‘How are you?’ That simplest of questions, which most of us ask countless times a day. But how closely do we listen to the response? If you are like me, the answer is (sorry) not that attentively, because we predict what we are about to hear. Mostly, I anticipate, ‘fine’, but in a school in December, I am adding ‘cold’, ‘tired’ and ‘ill’ to my options.
This process of prediction is so instinctive in our first language, but it does not automatically transfer to second language learning and this is something that my team and I have been seeking to address with our students through metacognitive questioning.
Our aim is to make explicit how to approach tasks, particularly listening activities, in order to demystify the skill of listening to all of our students (our MFL classes are mixed ability). By repeatedly drawing attention to the process of listening, we are helping to build our students’ confidence in their ability to succeed, as well as their resilience as learners. Rather than allowing a student to think that another student is ‘just good at’ languages, we are teaching students how to self-regulate to complete a task successfully.
In recent years, we have been strongly influenced by the listening as modelling approach (LAM) espoused by Gianfranco Conti. While we are not using his approach in the purest sense, we have embraced the use of sentence builders, which present students with the language we are teaching them in a grid format, alongside the English translations. We create our own listening resources based on these and now use extensive listening practice to help students to acquire new language.
Regular readers of the Class Teaching Blog will no doubt be aware of Durrington High School’s focus on metacognition over the last few years and, as an MFL team, we are constantly striving to align what we believe to be best practice in MFL teaching with whole school priorities. We have an MFL-specific set of metacognitive questions based on planning, monitoring and evaluating and these are displayed in our classrooms as an aide-memoire for us. You can see a copy below:

It is fair to say that metacognitive questioning related to planning activities is the most embedded strand and a typical questioning routine prior to starting a listening task might be as follows:
- What do we need to remember when completing this type of activity?
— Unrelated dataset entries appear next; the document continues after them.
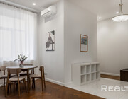 Этот дом в самом центре Минска построен больше ста лет назад. Его возводили как доходный — квартиры там сдавали в аренду, а владельцем был врач. Здание пережило две войны и в прошлом веке здесь селилась партийная элита, писатели и поэты. Интересно, что и сейчас, в 2026 году, здесь можно снять квартиру в аренду. Симпатичный вариант на сутки — светлую четырехкомнатную квартиру с приятным ремонтом — мы нашли в сервисе Realt.Бронь.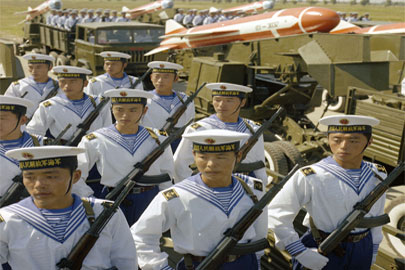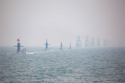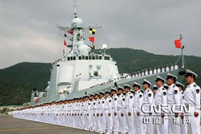 海军在青岛举行海上阅舰式,庆祝人民海军建立60周年。这也是中国首次举行国际阅舰式。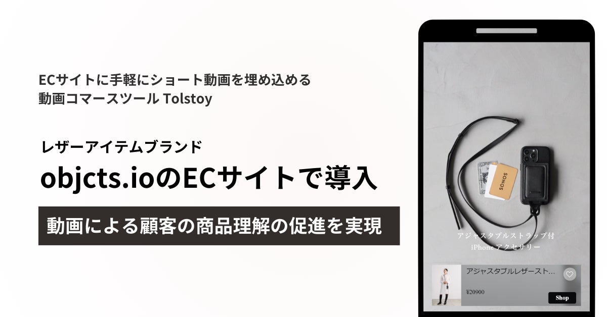 アナグラム株式会社(所在地:東京都渋谷区、代表取締役社長:阿部 圭司)が日本における導入サポートを行う動画コマースツール「Tolstoy(トルストイ)」が、レザープロダクトブランド「objcts.io(オブジェクツアイオー)」の公式通販サイトに導入されました。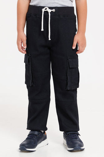 بنطال رياضي بجيب كارجو باللون الأسود للأولاد

- What can we use to help us with this activity?
- What do we need to be listening for? What type of information will give us the correct answer?
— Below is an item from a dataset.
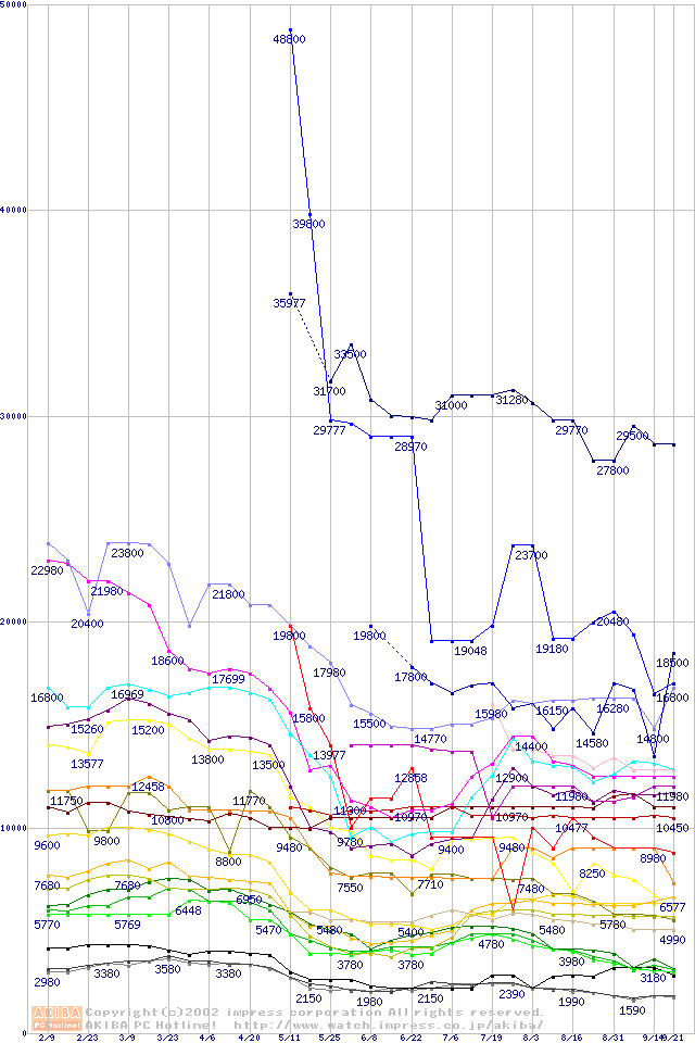 メモリ主要製品(最安値1万円以上)の最安値推移

- Is there anything that we need to watch out for?
At times, we may also model our own approach to a task by talking through our thought processes. For example, when modelling a multiple-choice listening task to a Y7 class this week, I said something like:
- Right, for number one I have to listen out for the opinion verb, so I need to find that column in my sentence builder. It is the first column, so I know that I am going to hear what I need at the start of the sentence. I have 3 options, so I am definitely going to hear one of those. In fact, I don’t need to understand the whole sentence to find the correct answer. So, if I scan down my sentence builder before we start, I can predict what I am likely to hear, which is going to make the task easier. I am either going to hear ‘j’adore’, ‘j’aime’ or ‘je n’aime pas’. ‘J’adore’ is going to be easier to spot, because it sounds different to the other two. To hear the difference between ‘j’aime’ and ‘je n’aime pas’, I am going to listen closely to see if I hear the ‘pas’.
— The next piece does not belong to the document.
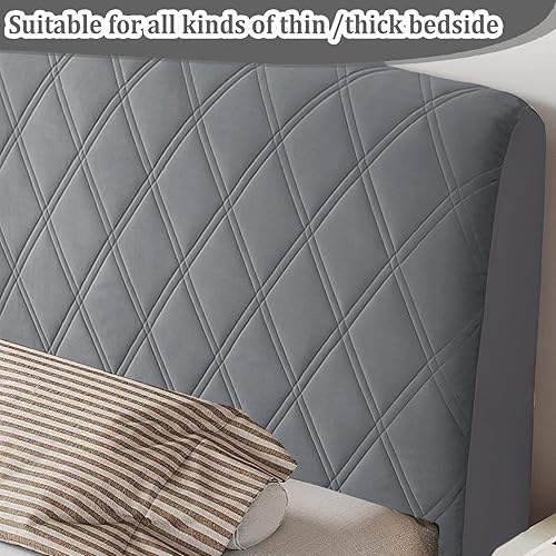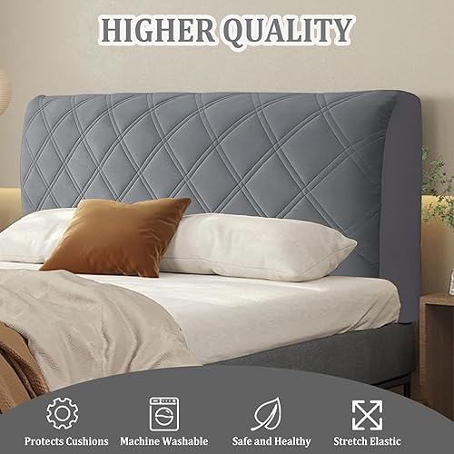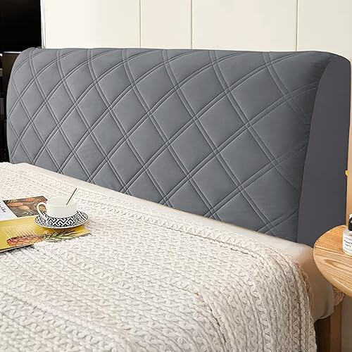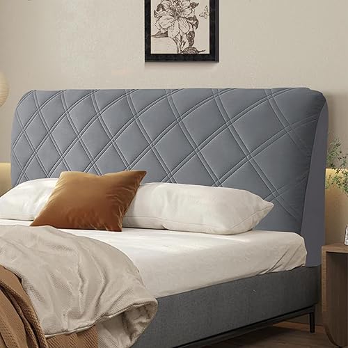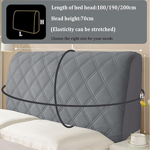 Housse de tête de lit en Velours Doux et Extensible, Housse de Protection Anti-poussière, Housse de tête de lit Tout Compris pour tête de lit de Chambre à Coucher tapissée (Gris foncé, 200 CM)

Closely aligned to this is how we approach eliciting answers from students. As teachers, we routinely model the first question and in MFL, this typically involves allowing students to complete a question and then asking a student for the answer. However, a correct answer only tells us that one student knows how to complete the task, it does not actually model the task to other students, so we would typically follow up with, ‘How did you know that was the correct answer?’ Sometimes we ask further questions to ensure that the process the student used is fully articulated, but increasingly students are able to give full explanations of what they did unprompted. For example, ‘I know that ‘cumpleaños’ means birthday, so I realised that the answer would come after that. I knew that ‘quince’ was a number, but I couldn’t remember if it was 5 or 15, so I used my sentence builder to check. I remembered that ‘agosto’ means August because it is similar to the English’. This is much more powerful than an answer of ‘15th August’ and is well worth the additional time that it takes.
The challenge in bringing about change, as well all know, is to embed it in practice and, based on regular lesson drop-ins by me and members of our SLT, I am confident that we, as a team, have done this in terms of using metacognitive questioning to enable more students to experience success in listening tasks. Our next steps are to ensure that this is embedded as consistently for other types of task, as well as to develop our use of metacognitive questioning to help students to monitor and evaluate their work.